Utilizing the structure of a probabilistic model can significantly
increase its compression efficiency and learning speed. We consider
these potential improvements under two naturally-omnipresent
structures.
Power-Law: English words and many other natural phenomena are
well-known to follow a power-law distribution. Yet this ubiquitous
structure has never been shown to help compress or predict these
phenomena. It is known that the class of unrestricted distributions
over alphabet of size k and blocks of length n can never be
compressed with diminishing per-symbol redundancy, when k>n. We
show that under power-law structure, in expectation we can compress
with diminishing per-symbol redundancy for k growing as large as
sub-exponential in n.
For learning a power-law distribution, we rigorously explain the
efficacy of the absolute-discount estimator using less pessimistic
notions. We show that (1) it is adaptive to an effective
dimension and (2) it is strongly
related to the Good--Turing estimator and inherits its
competitive properties.
Low-Rank: We study learning low-rank conditional probability
matrices under expected KL-risk.
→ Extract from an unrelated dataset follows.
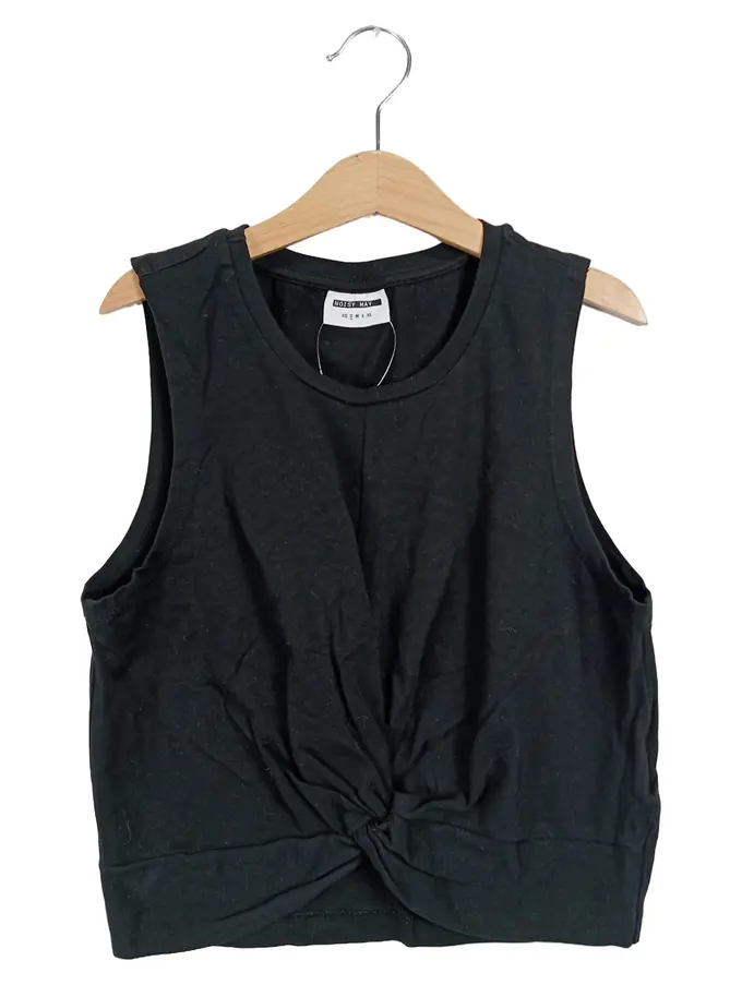 Damen Crop Top Schwarz Gr. 36/S mit Knoten vorne

This choice accentuates smoothing,
the careful handling of low-probability elements. We define a loss
function, determine sample-complexity bound for its global minimizer,
and show that this bound is optimal up to logarithmic terms. We
propose an iterative algorithm that extends classical non-negative
matrix factorization to naturally incorporate additive smoothing and
prove that it converges to the stationary points of our loss function.
Power-Law and Low-Rank: We consider learning distributions in
the presence of both low-rank and power-law structures. We study
Kneser-Ney smoothing, a successful estimator for the N-gram language
models through the lens of competitive distribution estimation. We
first establish some competitive properties for the contextual
probability estimation problem. This leads to Partial Low Rank,
a powerful generalization of Kneser-Ney that we conjecture to have
even stronger competitive properties. Empirically, it significantly
improves the performance on language modeling, even matching the
feed-forward neural models, and gives similar gains on the task of
predicting attack types for the Global Terrorism Database.